I went searching for something today and instinctually clicked on a reddit link. Fortunately the sub was dark for the protest anyway, but it’s crazy how ingrained in me it is to go to reddit for everything.
Unfortunately now we’re going to have to get used to clicking on those clickbait tech articles like “TOP 10 FACEBOOK ALTERNATIVES 2023” to find information, and weed out the crappy blogs.
The fact is that there is some useful info that only is on Reddit. No shame in looking that stuff up since that’s where it is.
The main thing is to stop using Reddit as your go-to time waster/doom scrolling app
If people stop providing useful information on reddit, it’s usefulness will disappear over time.
There are also lots of people using Shreddit to remove their entire log of comments.
I’m debating whether or not to do that with my account… I have several comments with solutions to specific tech issues, documentation on specific things. At the same time, I feel less and less comfortable with Reddit benefiting from information users provided for free.
I’ve been on the fence about wiping my account as well. It’s just hard for me - my history, wholesome interaction with users, friends made, how many people I’ve helped, I’ve written a few guides. Man it just sucks. (the largest guide I’ve written, for Vindictus, is partially outdated, but also I put in sooooooo much effort into it and I’m really proud of it. maybe I’ll download and save as a .doc or something)
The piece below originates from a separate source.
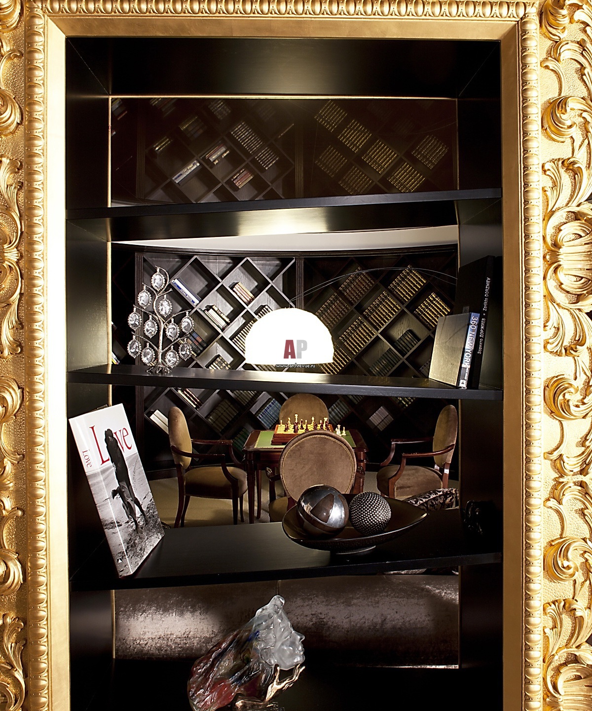 Фрагмент стеллажа Boffi в пышной золотой раме в библиотеке. За ним расположена зона библиотеки.

I think I just need to hear someone’s stance on it, hear their points, and be persuaded
I also need to figure out -when- to do that if I end up doing it. I assume before the 30th, but I’m not sure if some have started doing it already, and why
Request your data. Upload the contents wherever you please. https://www.reddit.com/settings/data-request
It’s not worth continuing to bring attention to Reddit as a platform when we can export the meaningful stuff and host it elsewhere that actually values the community itself rather than the monetary income that the users could provide.
If you don’t have too many maybe consider posting them on Lemmy as new posts before deleting them? Keeps the information discoverable and helps populate Lemmy with good content, while giving Reddit the middle finger - TRIPLE WIN!
Grab those comments and repost them in a place where you are more comfortable. You can keep that knowledge out there without needing to keep your account if you don’t want to. Some of those apps actually give you your comment history in a file when they’re done.
Honestly? ChatGPT (4) is basically a stackoverflow 2.0. It’s my goto when I want help with specific problems. There are alternative options, is what I mean.
I deleted all my comments on Reddit. I do not want them to benefit from my knowledge even if it might inconvenience someone else
The big problem with chatGTP is that you never can be sure that it’s right, you need to check it. On reddit and sites like it, you can see the amount of upvotes, which shows you if they are right or not.
I have seen a lot of highly upvoted comments on reddit which were very, very wrong.
I still use reddit for help on things. But for topics that I’m less knowledgeable about (so I can’t gauge the accuracy myself), I try to just take everything with a grain of salt.
True, but the chance of it being wrong is substantially smaller than the chance of chatGTP dreaming up something.
It helps that if something is wrong on Reddit, another redditor usually points it out since there are many eyes on any particular thread.
One of my favorite parts about reddit is people will always be there to call out your BS, whether it be via downvotes or a comment. I always appreciated that because more times than not, they will tell them they’re wrong and explain why, sometimes even with sources. A lot of the time, they redirect people to better sources of information, like a telegram group about a custom android rom
Of course, this isn’t true 100% of the time, not even downvoted comment is wrong - like the other person commented, it’s fair to take it with a grain of salt
That’s why my solution for this is to research a topic EXTENSIVELY by reading tons of threads and comments about it, put them all together in my head and consider them all, and then decide on the best outcome/answer based on all the research combined. That way, I don’t just rely on 1 person’s response and hope they’re right. For most things though, them being wrong might not even make a huge negative impact
I’ve found that Redditors also generally have our backs - they warn us about stuff to do or not to do, that companies don’t warn us about because it would otherwise profit them
The big problem with chatGTP is that you never can be sure that it’s right
A lawyer wasnt aware of this and used it to do research on a case. It went poorly.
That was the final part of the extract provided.